• _Data supplied_:
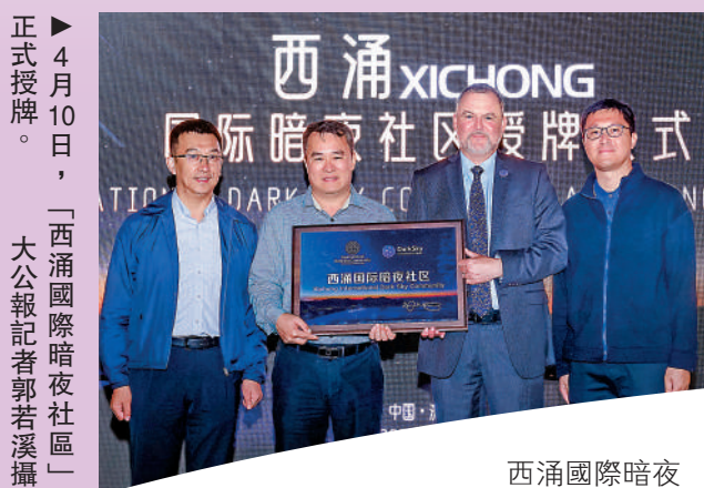
正式授牌。4月10日，「西涌國際暗夜社區」授牌儀式在該區舉行。圖為西涌國際暗夜社區授牌儀式。
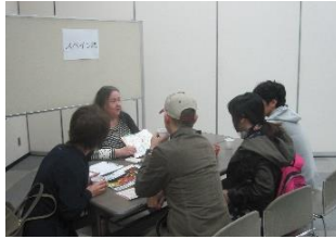
ランゲージカフェ(無料オープン講座)
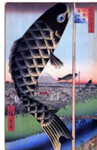
Kunstenaar Hiroshige, Ukiyo-e prent (1856-1858)
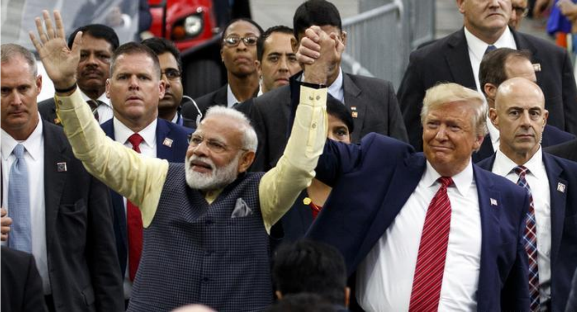
Narendra Modi con Donald Trump en la India.

El presidente norteamericano, Donald Trump, el martes 25 de febrero, concluyó su primera, breve y poco remunerativa visita a India, donde más de una gloriosa y sangrienta puesta en escena de su adlátere Narendra Modi, no hubo demasiados anuncios respecto a comercio, inversiones y sobre todo en seguridad, tema en que ambos jefes de estado son más que almas gemelas. El presidente norteamericano logró la venta de 24 helicópteros Seahawk MH-60R de uso múltiples y seis de ataque AH-64E para la marina y el ejército indio, por unos tres mil millones de dólares. Los negocios de Trump en India, apuntan a confirmar el importante repunte que han tenido las ventas de armamento al país asiático que aumentó sus adquisiciones de productos estadounidenses en el campo de la defensa de casi nulas en 2008 a un total de casi 23 mil millones de dólares en 2019.
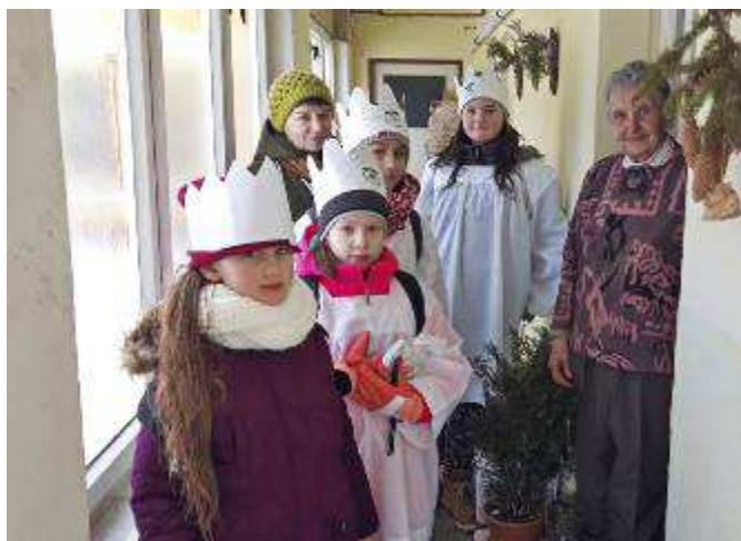
Skupinky koledníků při obchůzce v naší obci
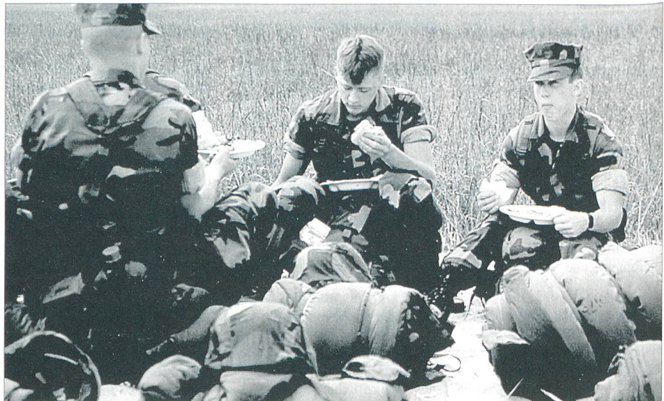
Marines beim Frühstück während einer Übungspause.
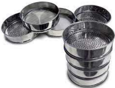
Набір сит (зараженість зерна) СЛ-300
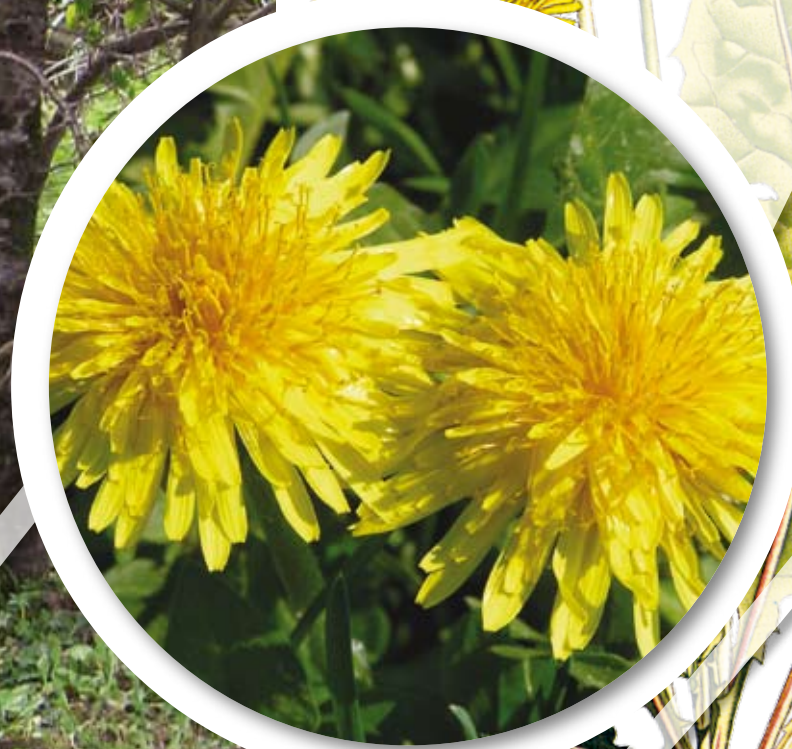
Taraxacum officinale Tarassaco - Modac - Regrat

Modac je prú dobar v solat al pa kuhan, obiejan s puno ocvierkmi mastnega sadla. Ocvarito se lahko jje tudi cvetje, umiešano z icàm an moko. Modac diela dobro žuotu an posebno tistim, ki imajo jetra bune al pa žuč, kjer sfreška an vežene uodò, ki žuot previc pardaža. Kajšjan mojstar napravja z modacam tud marmelado an modacove vino.
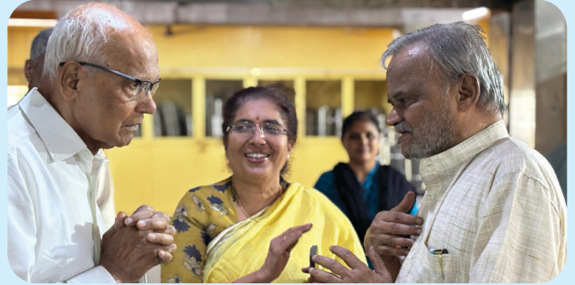
ಡಾ. ಎಸ್. ಎಲ್. ಭೈರಪ್ಪ ಅಗಲಿಕೆಗೆ ಅದಮ್ಮ ಚೇತನ ಸಂಸ್ಥೆ ಮತ್ತು ಅನಂತಕುಮಾರ್ ಪ್ರತಿಷ್ಠಾನದ ಪರವಾಗಿ ಶ್ರದ್ಧಾಂಜಲಿಯನ್ನು ಸಲ್ಲಿಸುತ್ತೇವೆ.

ಅದಮ್ಮ ಚೇತನ ಸಂಸ್ಥೆಯ ಸೇವಾ ಚಟುವಟಿಕೆಗಳ ಬಗ್ಗೆ ಸ್ವತಃ ಆಸಕ್ತಿ ತೋರಿದ ಭೈರಪ್ಪ ಅವರು, ಗವಿಪುರಂನಲ್ಲಿರುವ ನಮ್ಮ ಕಚೇರಿಗೆ ಬಂದು ಕಾರ್ಯಗಳ ಬಗ್ಗೆ ತಿಳಿದುಕೊಂಡು ಅಪಾರ ಸಂತೋಷ ವ್ಯಕ್ತಪಡಿಸಿದ್ದರು. ಶ್ರೀ ಅನಂತಕುಮಾರ್ ಅವರೊಡನೆ ಕಳೆದ ಕ್ಷಣಗಳನ್ನು ಅವರು ಮೆಲುಕು ಹಾಕಿ, ಅವರ ರಾಷ್ಟ್ರಭಾವನೆಯನ್ನು ಶ್ಲಾಘಿಸಿದ್ದರು.
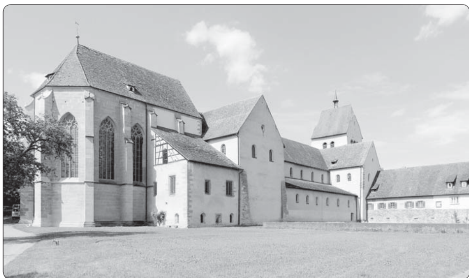
Opatství Panny Marie a sv. Marka na ostrově Reichenau

Byla pro něho skutečně Matkou, jak to sám vyjádřil v Salve Regina nepřekonatelně intenzivními slovy: „Zdravas Královno, Matko milosrdenství, živote, sladkosti a naděje naše, buď zdráva! K tobě voláme, vyhnání synové Evy, k tobě vzdycháme, lkající a plačící v tomto slzavém údolí. A proto, orodovnice naše, obrať k nám své milosrdné oči a Ježíše, požehnaný plod života svého, nám po tomto putování ukaž.“

• _How to complete this task_:
Starting from the records above, filter out all lines except those containing the word "Modac".

• _Result for this exercise_:
Taraxacum officinale Tarassaco - Modac - Regrat
Modac je prú dobar v solat al pa kuhan, obiejan s puno ocvierkmi mastnega sadla. Ocvarito se lahko jje tudi cvetje, umiešano z icàm an moko. Modac diela dobro žuotu an posebno tistim, ki imajo jetra bune al pa žuč, kjer sfreška an vežene uodò, ki žuot previc pardaža. Kajšjan mojstar napravja z modacam tud marmelado an modacove vino.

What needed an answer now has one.